Area 2 - Applications

Nr: 117
Title:

A Research Dataset Recommender System Based on RAG

Authors:

Atsuhiro Takasu, Padipat Sitkrongwong and Pongsakorn Jirachanchaisiri

Abstract: In recent years, data-driven research has progressed in many fields, and the role of research data has become increasingly important. Currently, various research data infrastructures are being constructed, and there is a growing need for technology that can access these research data infrastructures across them and effectively search for necessary research datasets (RDS). While metadata is typically used to search for datasets, this metadata is problematic in that it is not necessarily uniform, with the proportion of missing data varying from one research data to another. Information about RDSs can also be obtained from academic papers using the RDS. Academic papers contain multifaceted information about RDSs, such as summaries and usage methods, and the granularity and quality of the descriptions do not differ depending on the research data infrastructure, so stable and uniform information about RDSs can be expected. This abstract proposes a research dataset recommendation system that utilizes both metadata of RDS and academic papers using them. Recent advances in large language models (LLMs) have been remarkable. LLMs are expected to improve recommendation performance, and LLMs can be used to explain search results. Therefore, this system is based on the Retrieval Augmented Generation (RAG) framework that consists of a research dataset retrieval system and an LLM. The dataset retrieval system consists of an encoder for metadata of research datasets and an encoder for academic papers summarizing research results using the datasets. A pre-trained Transformer is used for metadata-based representation learning. Meanwhile, academic paper-based representation learning uses a graph neural network that uses descriptions of academic papers and a graph structure based on the usage relationships between academic papers and datasets. These embedded representations are stored in a vector database, enabling high-speed retrieval. Search results are reranked by the LLM, which also generates the reasons for each dataset being recommended.
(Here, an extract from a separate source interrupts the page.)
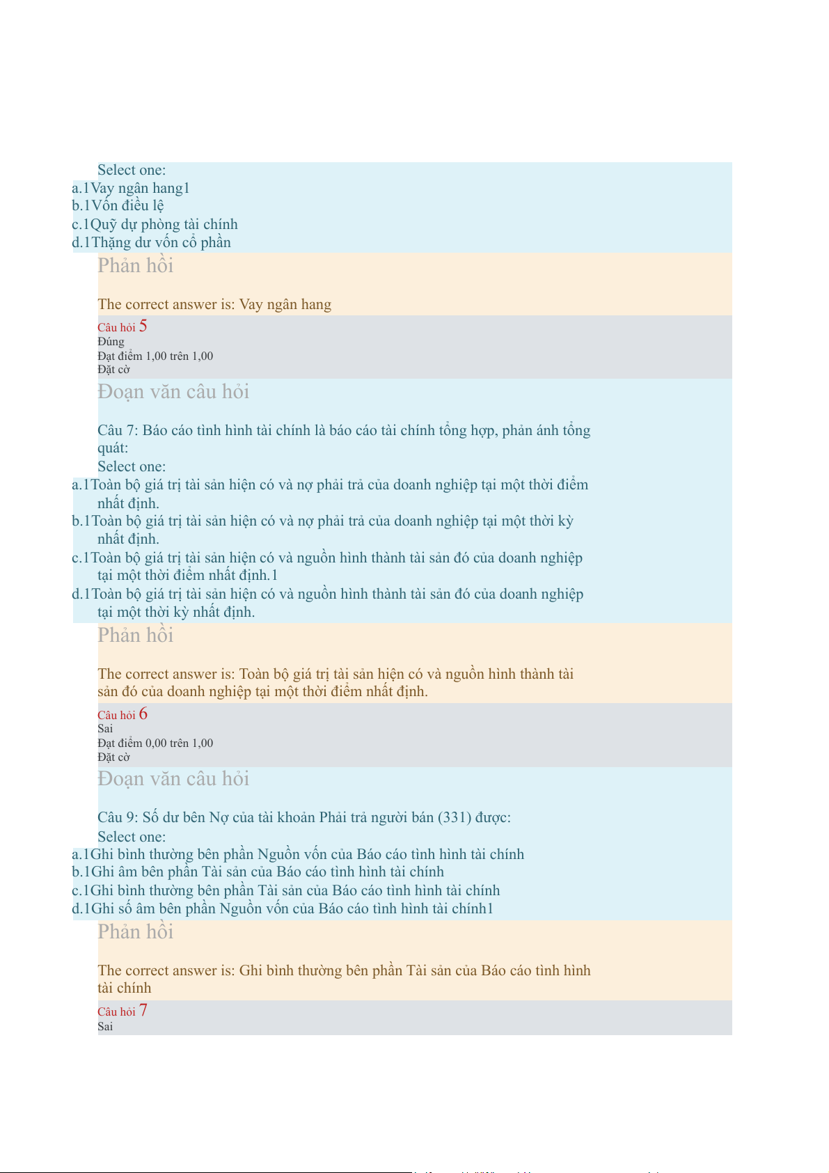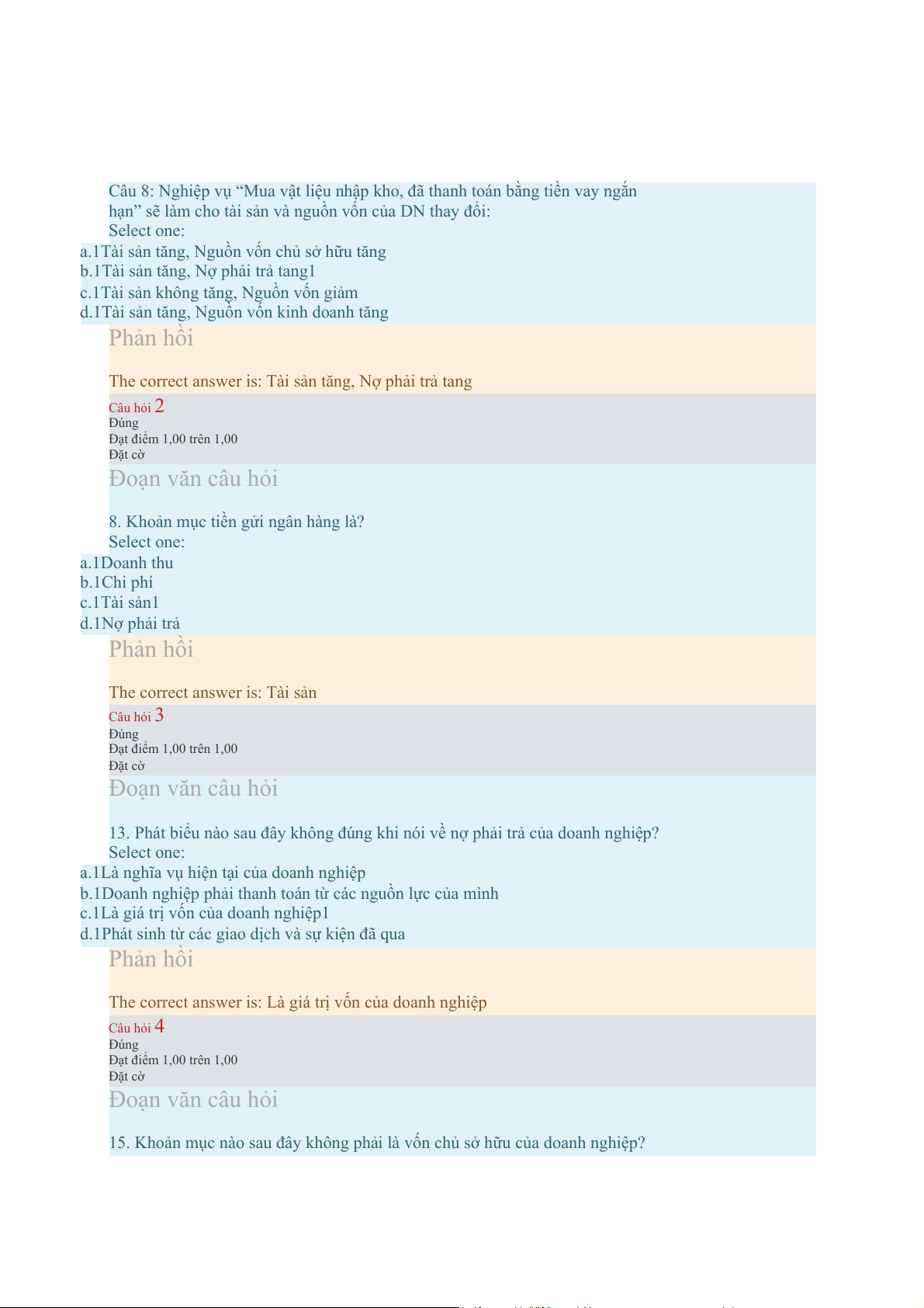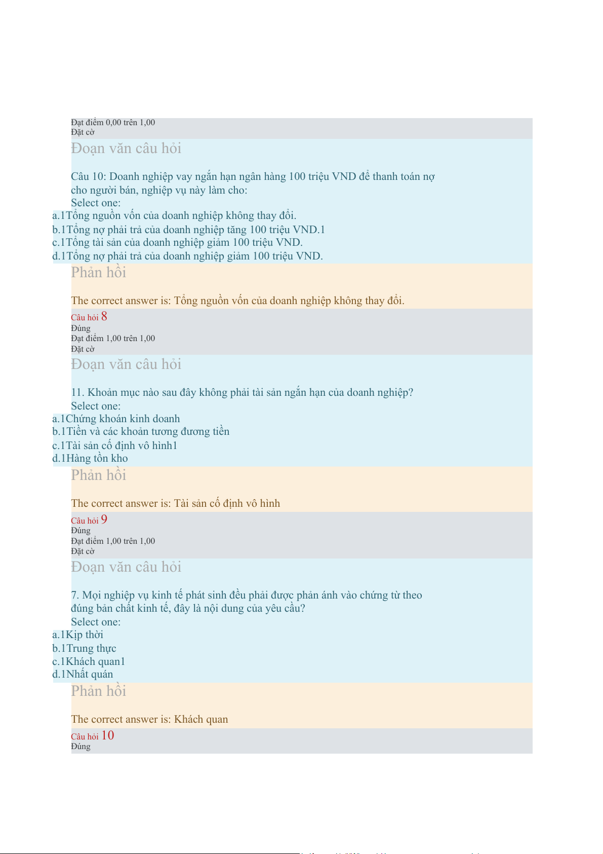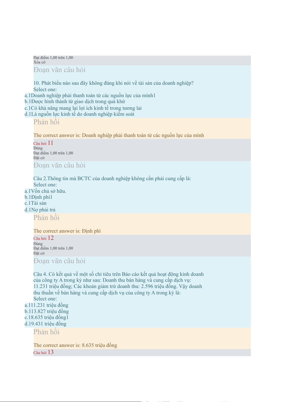 sản đó của doanh nghiệp tại một thời điểm nhất định. Câu hỏi 6 Sai Đạt điểm 0,00 trên 1,00 Đặt cờ Đoạn văn câu hỏi

A prompt template is used for this purpose.

Nr: 118
Title:

Contrastive Learning Network for Zero-Shot Automatic Scoring of Very Short Answers

Authors:

Nam Tuan Ly, Hung Tuan Nguyen and Masaki Nakagawa

Abstract: Most automatic scoring methods for handwritten answers are based on handwriting recognizers. However, handwriting recognizers typically rely on predefined dictionaries, which can result in false positives when handling out-of-vocabulary characters or wrong characters that resemble dictionary entries. This is serious for beginners to learn languages. To address this limitation, this paper proposes a Contrastive Learning Network-based automatic scoring method to improve the scoring of single- or few-character answers. The proposed method consists of two main components: Contrastive Learning Network-based Pattern Similarity and Pattern Similarity-based Automatic Scoring Algorithm. The proposed Contrastive Learning Network is based on the Siamese network architecture, which comprises two identical backbones to calculate the similarity between the two input images. It is trained using a contrastive loss function on pairs of two input answers and their similarity. The pattern-similarity-based automatic scoring algorithm scores an answer as correct, incorrect, or rejected according to its similarity to the expected answer. To train the Contrastive Learning Network, we propose a novel data-sampling method using a dataset of handwritten answers. The extensive experiments on a collection of handwritten answers from elementary school students, comprising 98,547 Japanese and 15,896 English answers, demonstrate the superiority of the proposed method over the previous handwriting-recognition-based methods and its effectiveness for zero-shot automatic scoring, making it useful in low-resource settings. We also conduct ablation studies to evaluate the effects of different backbones and loss functions on the performance of the proposed scorer.